Closed teknium1 closed 10 months ago
Thanks for the heads up I have realised that this was wrong few days ago and I have closed the PR accordingly as you can see from: https://huggingface.co/mistralai/Mistral-7B-v0.1/discussions/35
Did you see my other comment above wrt inference and rotating cache?
I have the impression that in HF you implemented only the sliding windows attention by playing only on the attention mask and ONLY at training time, which means that at inference, the full length is taken into account, am I correct ?
If you use the vanilla HF attention yes, that is the case we did not implemented the rotating buffer cache mechanism as it requires an important refactor
However we tried to mimic the rotating buffer caching mechanism by constraining it only in the case where padding_side=left for FA-2 models by shifting the cache and slicing out the previous tokens when generating the next token. See my benchmarks here for more details: https://github.com/huggingface/transformers/pull/26464#issuecomment-1743273513
ok I get it, here: https://github.com/huggingface/transformers/pull/26464/files#diff-fa1653b47666859672060712644a8c40b2e61eb1b79c06a21f9b94569217ed43R372-R393 Anyway it requires some hardware to support seqlen > 4096 ....
yes exactly
Anyway it requires some hardware to support seqlen > 4096 ....
No you can scale to very large sequence length as the cache will be always having 4096
tokens, similarly as the rotating buffer cache from original mistral repository.
Per my understanding (cc @timlacroix please correct me if I am wrong) since we always use absolute positional embedding the model is able to keep the whole context even if we go beyond 4096 tokens. In case one feeds to the model a super large context (>4096) directly on the first iteration, you will indeed need to enough compute but since the FA module will use sliding window attention, it should be quite memory efficient. Slicing the cache afterwards is not a problem since the model has already computed attention scores based on the entire context on the first iteration so the information is not lost. In case of batched generation it is slightly more complex since we don't follow the exact same procedure as mistral's rotating buffer cache, we slice out the first tokens of the cache after the first iteration. But in case of BS=1 you should get pretty decent performance, if you have a hardware that supports FlashAttention 2 you can try to generate up to very large number of tokens without any major issue I believe
hmm the cache size is not the only limiting factor.
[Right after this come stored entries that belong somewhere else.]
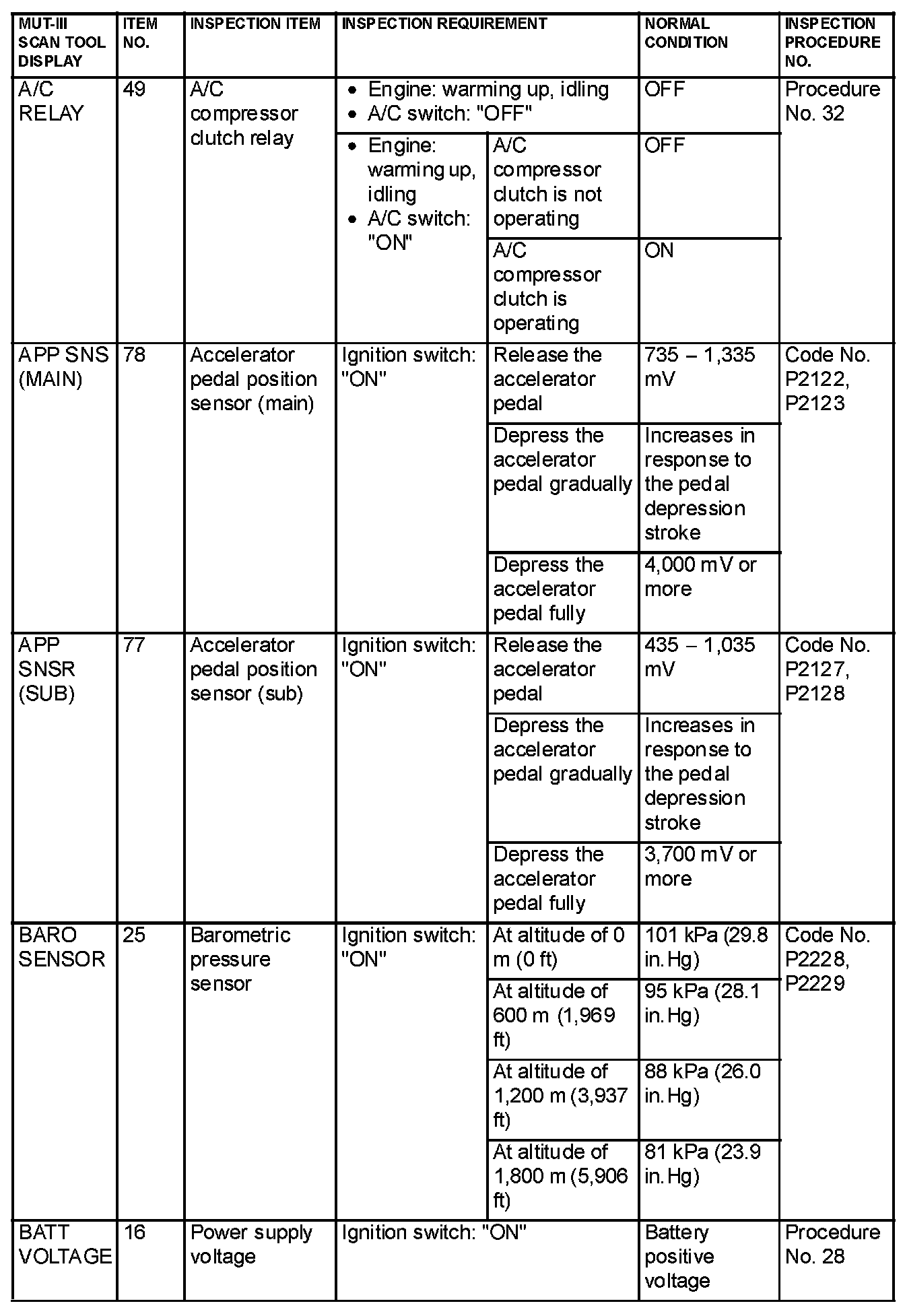 Data List Reference Table & Normal Scan Data Values
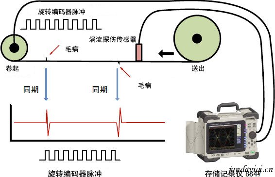 通过使旋转编码器的脉冲信号和存储记录仪的外部时钟信号同步,能够检测出材料长度特定部分的毛病。
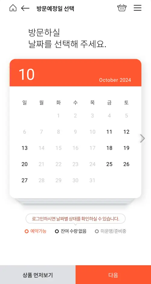 5. 방문하실 날짜와 시간을 선택하여 예약합니다.
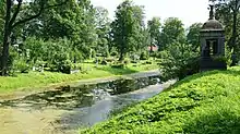 It became a prestigious burial location, and careful attention was taken in the planning and layout, which was more regular than the early cemeteries, and included a pond in the northern part. A path leads from the main entrance of the cemetery church across a bridge and aligned with the apse of the Trinity Cathedral, forming a longitudinal axis. Paths then diverge in a grid pattern to the sides, running between the Monastyrka River and the southern boundary of the monastery. New burial plots were placed in the south and in the eastern parts of the cemetery, maintaining the grid pattern.[4] Wealthy patrons commissioned large chapels and crypts, with elaborate decorations and reliefs from prominent artists such as Nikolai Laveretsky, Ivan Podozerov, Robert Bach and Ivan Schroeder.[1] Plans in 1896 to build a larger cemetery church in the Byzantine style by architect L. P. Andreyev came to nothing, as did a similar project in 1908, despite a donation of 10 thousand rubles by the ruling metropolitan.[3]
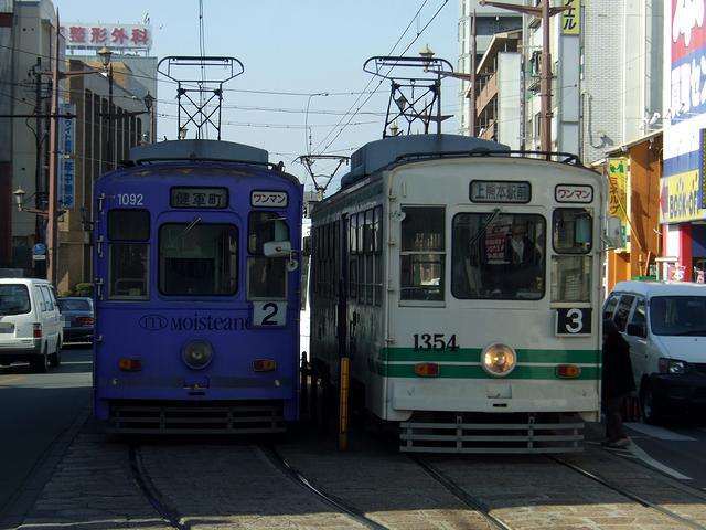 【健軍町電停にてその2 田崎橋に向かって去っていく1092と上熊本から到着した1354】
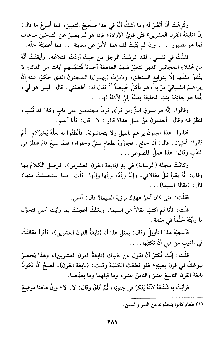 فقلت في نفسي: لقد غرست الرجل من حيث أردت اقتلاعه، وأيقنت أنه من عقلاء المجانين الذين تتغير فيهم العاطفة أحيانا فتلهمهم آيات من الذكاء لا يتفق مثلها إلا لنوابغ المنطق؛ وذكرت "بهلول" المجنون الذي حكوا عنه أن إبراهيم الشيباني مر به وهو يأكل خبيصًا1 فقال له: أطعمني. قال: ليس هو لي، إنما هو لعاتكة بنت الخليفة بعثته إلي لآكله لها ...
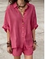 Per donna Set di Pantaloni Finto cotone e lino Manica Lunga Colletto a Camicia Tinta unica Semplice Moda Streetwear Casuale Quotidiano All'aperto Viola Estate Vestibilità regolare
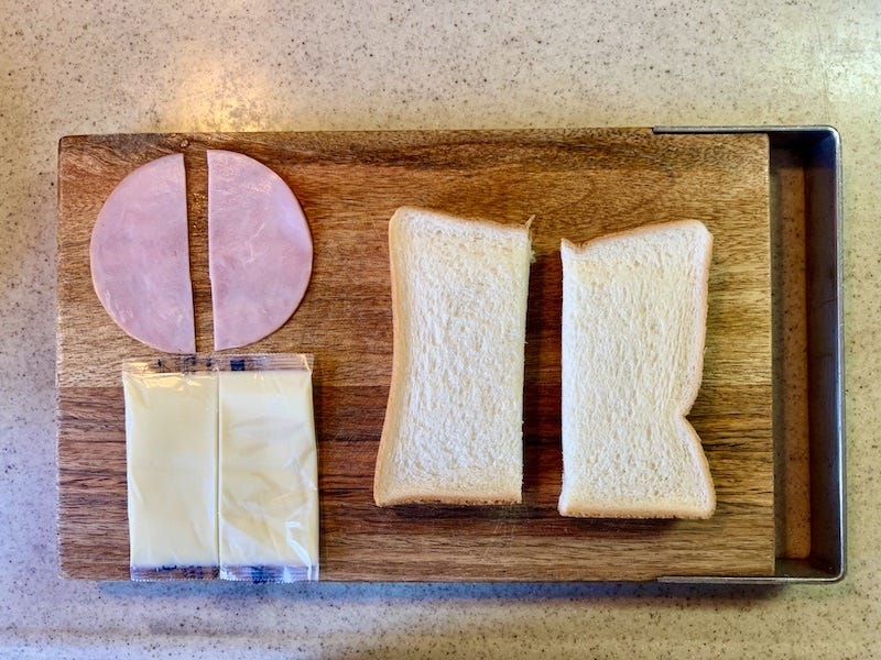 ① 食パン・ハム・スライスチーズは、それぞれ半分にカットしておきます。
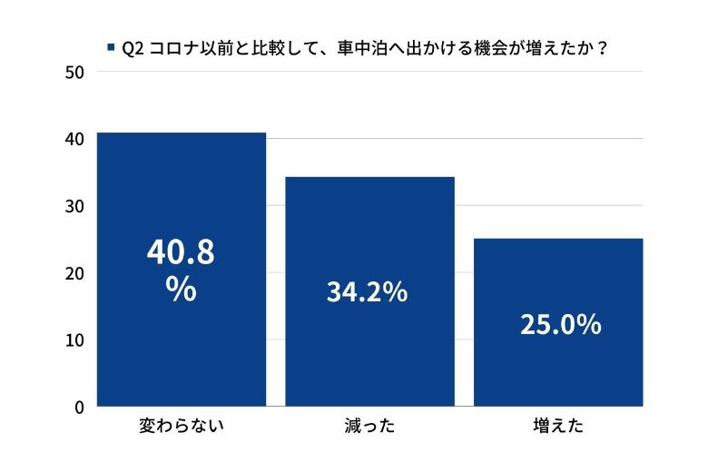 続いて「コロナ以前と比較して、車中泊へ出かける機会が増えたか」という質問である。さまざまなメディアやニュースを通して、これまでのアウトドアブームでは増えているという印象があったが、今回の結果は「変わらない」(40.8%)で1位。2位は「減った」(34.2%)。
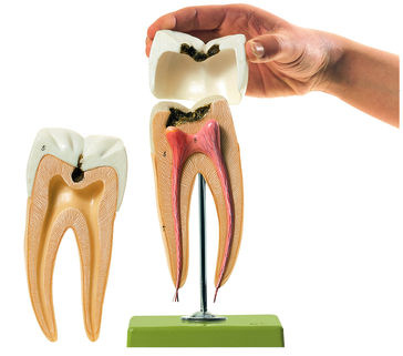 Separado en 3 partes que muestran la caries en estados incial y avanzado.
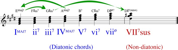 They begin with a repeating progression comprising the following changes: IVMAJ7 - IMAJ7 - iii7 - VII7sus. This passage is in the key of E, so we have:AMaj7 - EMaj7 - G#min7 - D#7sus. The D#7sus chord is the curious one.See Figure 6 below.
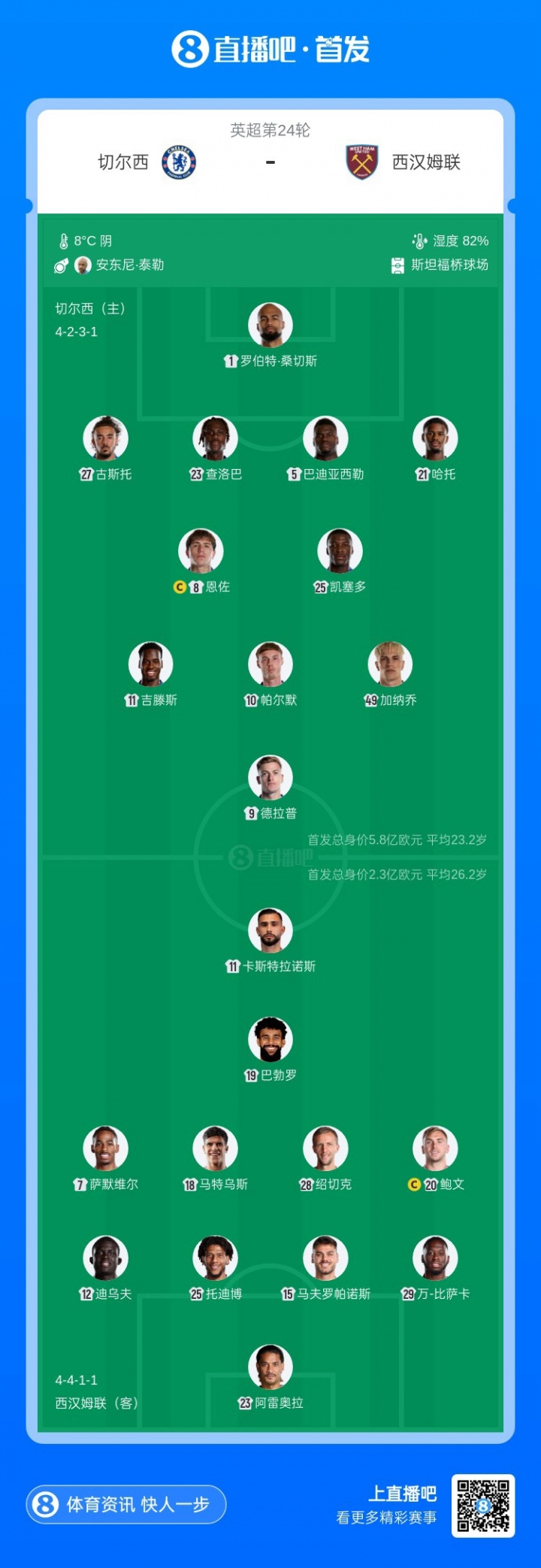 切尔西首发:1-桑切斯、27-古斯托、23-查洛巴、5-巴迪亚西勒、21-哈托、25-凯塞多、8-恩佐、11-吉滕斯、10-帕尔默、49-加纳乔、9-德拉普
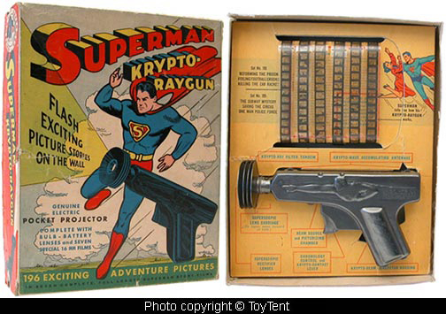 Superman Krypto Ray Gun projector pistol with 6 film reels
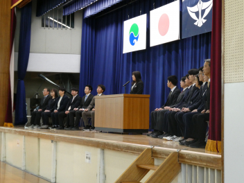 始業式では、新2年生、新3年生の代表の生徒が今年度の決意を述べました。
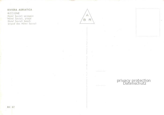 74084779 RICCIONE RIMINI IT Hotel Savioli Spiaggia postalisch nicht gelaufen Erhaltung siehe scans [WerneD78] KatCode: 11240
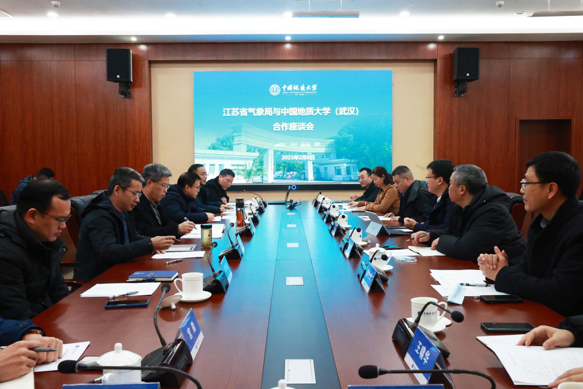 地大新闻网讯(通讯员 马洪福 摄影 孙彦钦)近日,江苏省气象局副局长唐红昇一行来校会商合作事项,湖北省气象局副局长金琪、米兰副校长王华,相关单位主要负责人和有关专家参加会议。
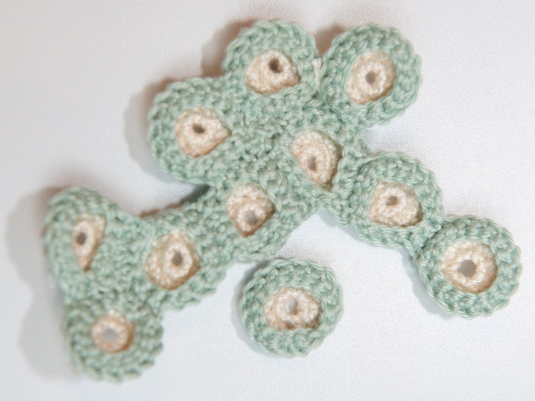 Du kannst deine Micromussa Kolonie in beliebigen Größenhäkeln. Ein einzelnes Micromussa Element hat einen Durchmesser von 2 cm.
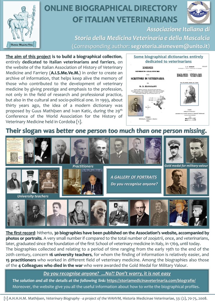 La storia della veterinaria si rappresenta anche attraverso la vita degli uomini che vi si sono coinvolti e ne sono stati più partecipi. Con questa raccolta di informazioni biografiche, confidando che molti possano e vogliano contribuire, si punta a costruire un archivio di notizie relative a quanti, veterinari e non, hanno contribuito allo sviluppo della Medicina veterinaria e della Mascalcia dando lustro e risalto alla professione non solo nell’ambito della ricerca e della pratica professionale, ma anche in quello culturale e socio politico. L’auspicio è che questo dizionario biografico possa diventare di utilità nell’intento di ricostruire tutto quel patrimonio di risorse umane che hanno contribuito alla crescita della Medicina veterinaria e della Mascalcia, ma di cui spesso ci si dimentica. L’idea non è nuova e trae spunto da analoga iniziativa internazionale promossa nel 1993 da Ivan Katic e Guus Mathijsen della World Association for the History of Veterinary Medicine. Il loro motto era better one person too much than one person missing.
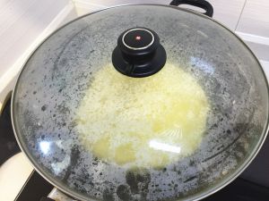 2分钟后,将锅盖掀开,用铲子在饼上敲一敲,这样能让饼更松软~
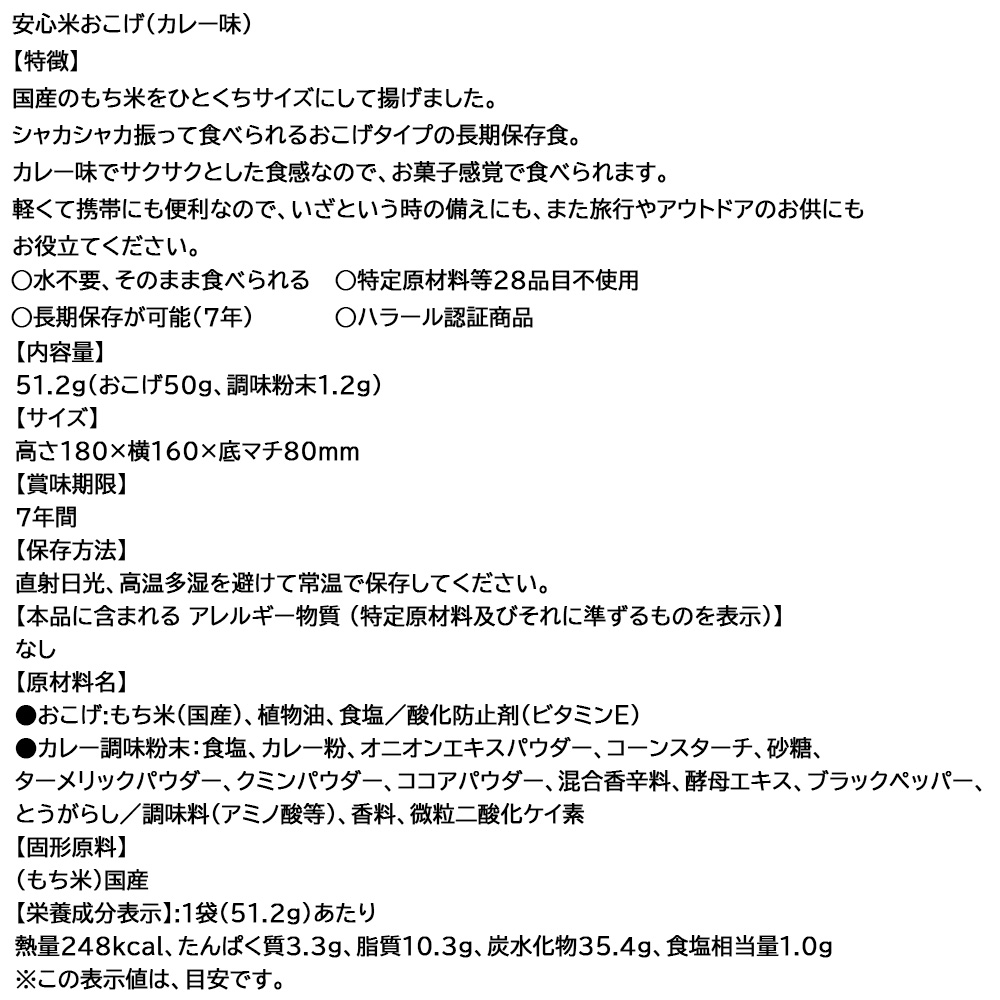 非常食に最適なおこげスナックです。

You still need to forward the full sequence to the model, and the flash2 still happens with the full length even if the mechanism makes it linear to length (and not quadratic)
but that's the case in any case right? for the first forward is you pass a large context you'll need to compute the attention scores on all tokens.
@younesbelkada @bdytx5 @vince62s @arthurmensch
Okay update on the issue.
The above image is testing with deepspeed zero 2 vs FSDP. Zero 2 is the more stable trajectory run. Same hyperparams on all else. I feel like I tested with zero3 in the past, and found same as FSDP run, a U shaped pattern, but I am not sure atm.
At the moment I dont know if it is being caused by axolotl's interactions with FSDP, or if it is something in transformers/accelerate/who knows what. But this seems like an important development in figuring out whats going on, not sure how much you guys can look into it, but figured I'd place the info here in case it isn't axolotl's code.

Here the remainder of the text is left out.